In 1968, Dusters from the U.S. Army 1st battalion attached to the 3rd Marine Division engaged the enemy during the 77-day siege at the Battle of Khe Sanh. Dusters expended more than 20,000 40mm shells.

Duster Battalions

The Army deployed three Duster battalions to the Republic of Vietnam, with crews trained at Fort Bliss, Texas. Each Battalion consisted of a headquarters battalion and four line batteries with two platoons, each with eight Dusters.

American M42 Duster drives through Ba Ria Vietnam
An American M42 Duster drives through Ba Ria, Phuoc Tuy province, in South Vietnam. Image: IWM/CC BY-NC 3.0 AU

The first battalion arrived in South Vietnam during the second half of 1966 and supported U.S. Marine units in Khe Sanh and Army divisions in the I Corps region. The second battalion arrived later in 1966 and was deployed around Bien Hoa Airbase along with vehicle-mounted M45 Quadmount .50-cal. guns and searchlight jeeps.

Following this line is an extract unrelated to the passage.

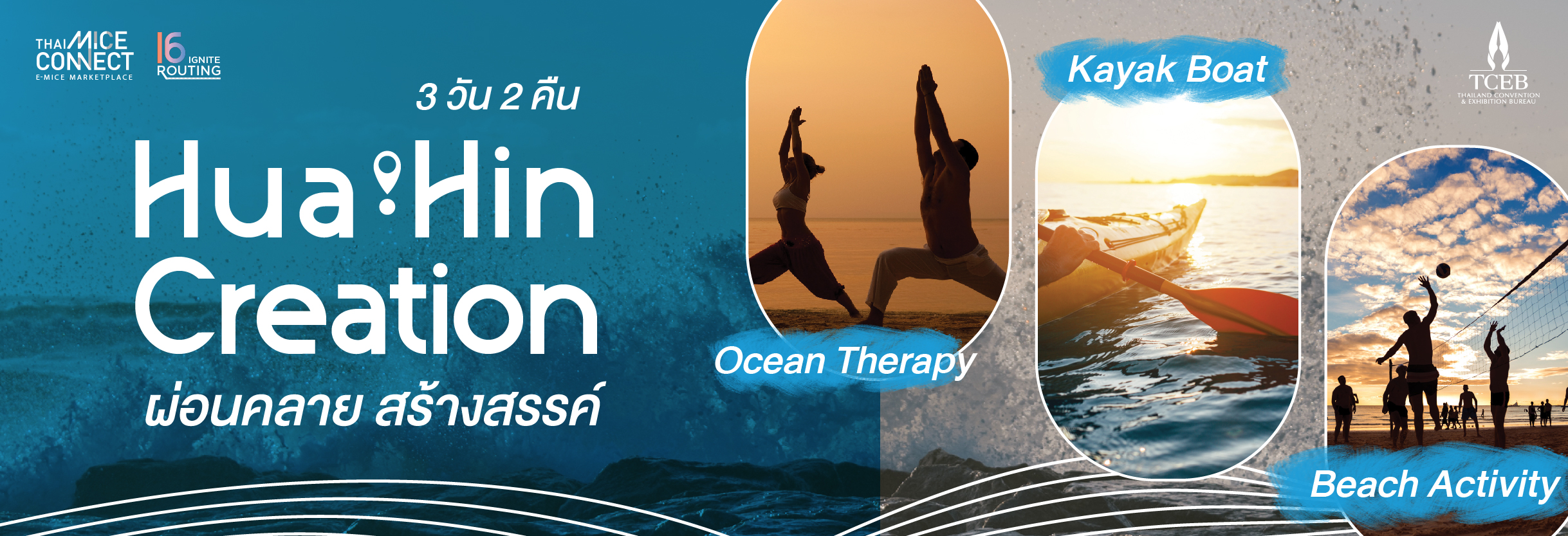 ออกจากห้องประชุมแล้วมาสร้างความทรงจำสุดพิเศษร่วมกับทีมริมชายหาดหัวหิน ผ่อนคลายไปกับธรรมชาติ เติมพลังด้วยกิจกรรมสุดสนุก และกระชับความสัมพันธ์ให้แน่นแฟ้นยิ่งขึ้น ที่ไม่ใช่แค่ทริป...แต่คือประสบการณ์ที่จะทำให้ทีมของคุณแข็งแกร่งและสร้างสรรค์กว่าที่เคย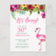 Sätt tonen för en rolig, sommarlik 30-årsfirande med denna söta tropiska "Let's Flamingle"-inbjudan i postkortsformat! Utformad med en ljus, tropisk akvarell blomsterdroppe med färgrika hibiskus, flaskborste, ljus paradisfågel och palmlöv, följt av "Let's Flamingle" i flamingorosa. Personifierad på framsidan med text i matchande rosa och grönt. Upphovsrätt Elegant Invites, alla rättigheter förbehållna

The 3rd battalion arrived in mid-1967, deployed to the central highlands at An Khe, and supported regional fire bases.

West German Flak-Panzer M42 Duster
M42 Dusters were used by a number of United States allies. Here a M42 serves in the military of West Germany. It would eventually be replaced by the Flakpanzer Gepard in the 1970s. Image: Bundesarchiv

When the battalions were fully deployed, there were over 200 Dusters in-country.

Depending on which legend you believe, the Duster moniker came from either the cloud of dust while blazing down the dirt trails of Vietnam, or because of its 50-meter bursting-radius 40mm rounds that turned the enemy to dust.

Going Home

By 1971, the Army began moving Duster units out of Vietnam after firing more than 4 million rounds and recording over 200 kills in support of infantry units. Overall, the Duster was a devastating tool that excelled at convoy escorts and base perimeter defense.

Most Dusters were turned over to units in the Army of the Republic of Vietnam, while the remaining units at Fort Bliss were returned to the National Guard until the last unit retired in 1988, marking the end of an era.